▸ DATA PROVIDED:
□ □ □ □ □ □ □

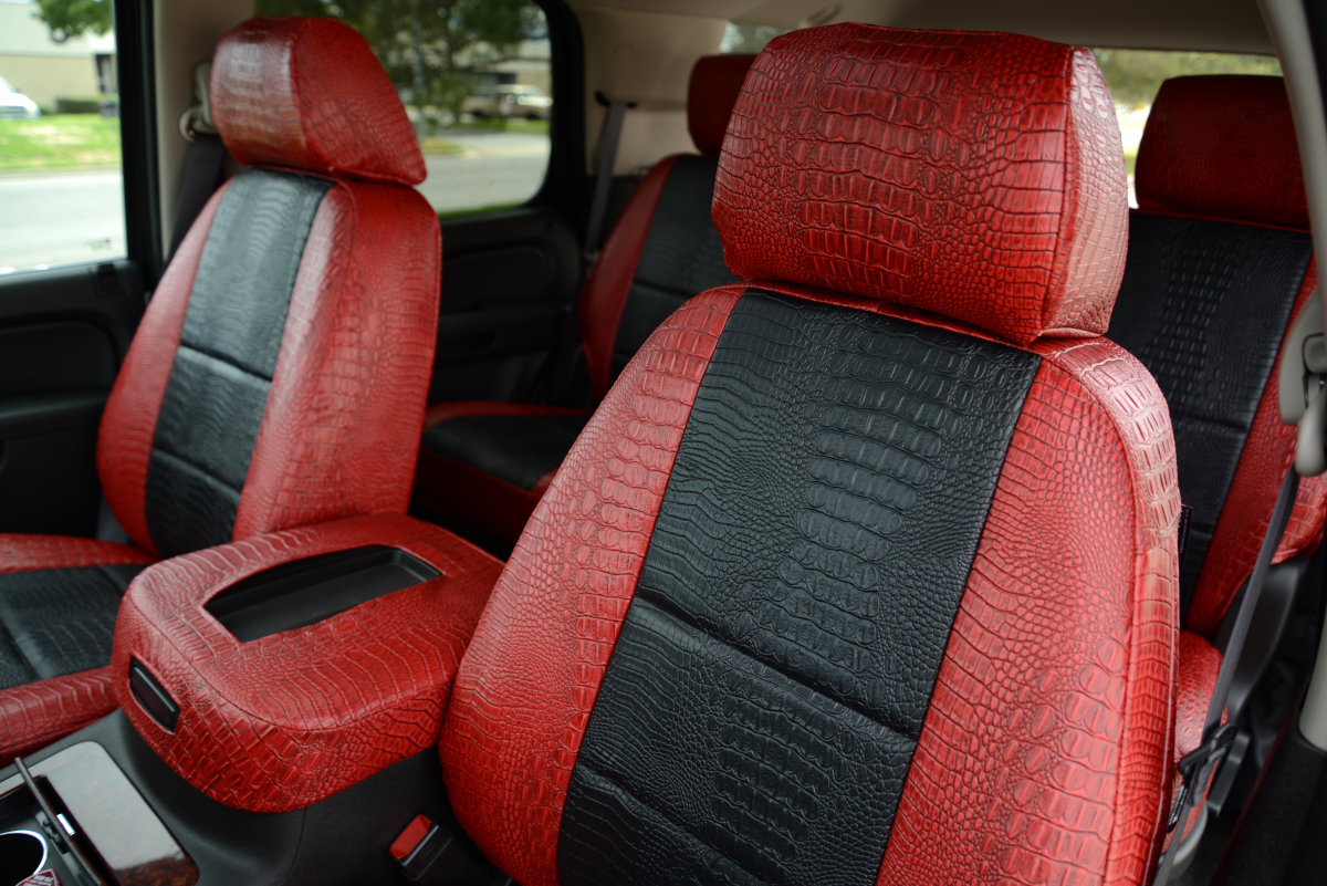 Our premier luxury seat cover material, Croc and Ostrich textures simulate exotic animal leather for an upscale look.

□ □ □ □ □ □ □

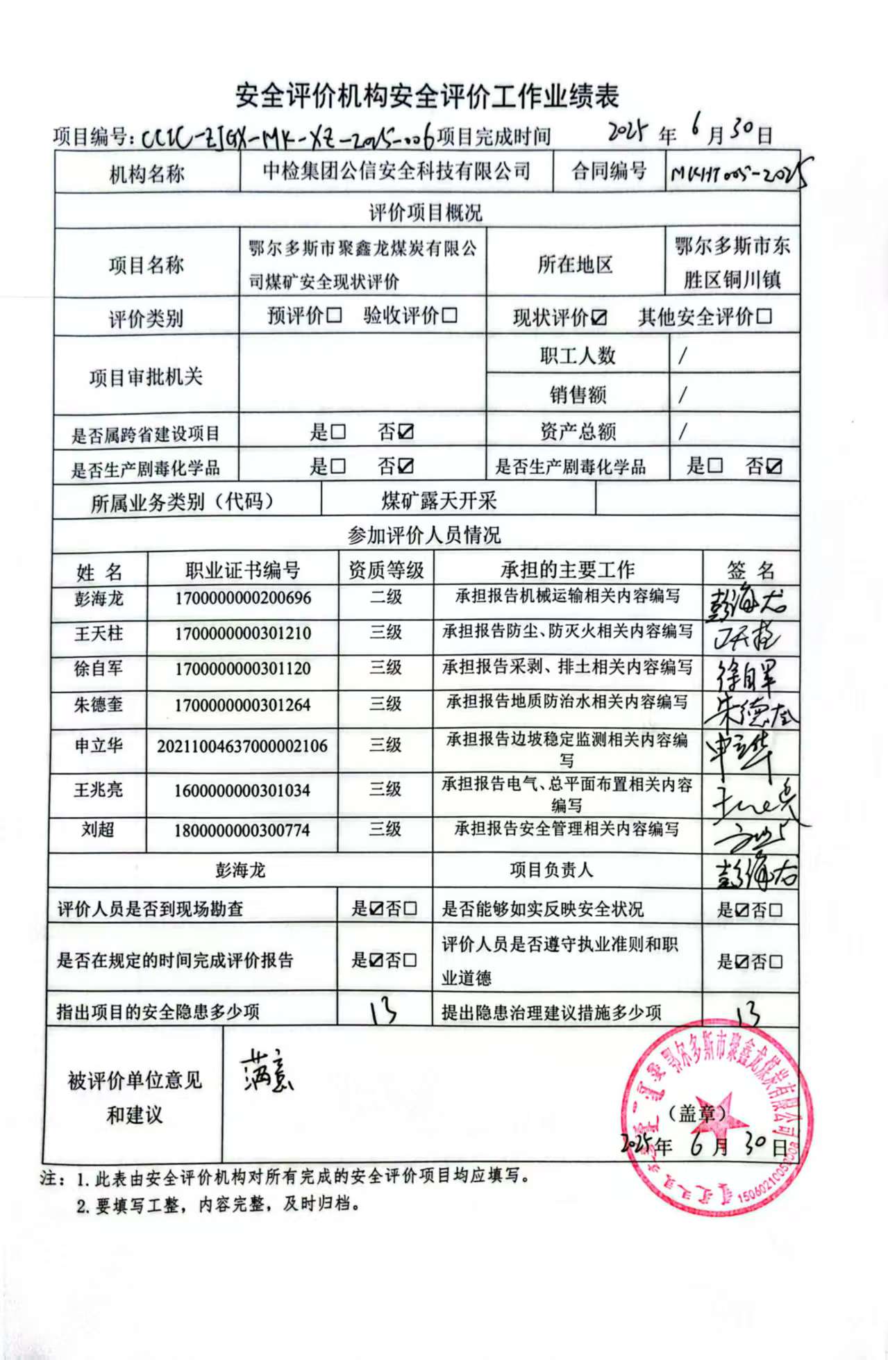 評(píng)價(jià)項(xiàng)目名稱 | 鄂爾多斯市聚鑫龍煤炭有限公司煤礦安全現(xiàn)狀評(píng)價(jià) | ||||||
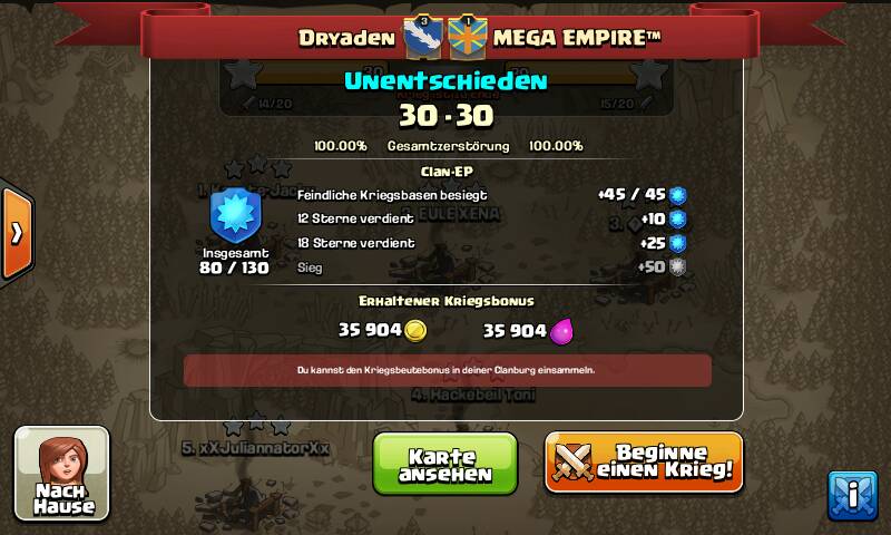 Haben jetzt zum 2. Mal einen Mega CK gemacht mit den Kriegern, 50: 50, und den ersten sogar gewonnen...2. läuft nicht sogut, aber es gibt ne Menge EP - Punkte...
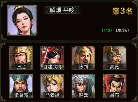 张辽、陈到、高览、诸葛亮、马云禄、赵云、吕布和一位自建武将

□ □ □ □ □ □ □

Exactly as written above, retype the lines starting at the one holding "Haben jetzt zum" and ending at the one holding "张辽、陈到、高览、诸葛亮、马云禄、赵云、吕布和一位自建武将", both included, but not the pictures.

 Haben jetzt zum 2. Mal einen Mega CK gemacht mit den Kriegern, 50: 50, und den ersten sogar gewonnen...2. läuft nicht sogut, aber es gibt ne Menge EP - Punkte...
 张辽、陈到、高览、诸葛亮、马云禄、赵云、吕布和一位自建武将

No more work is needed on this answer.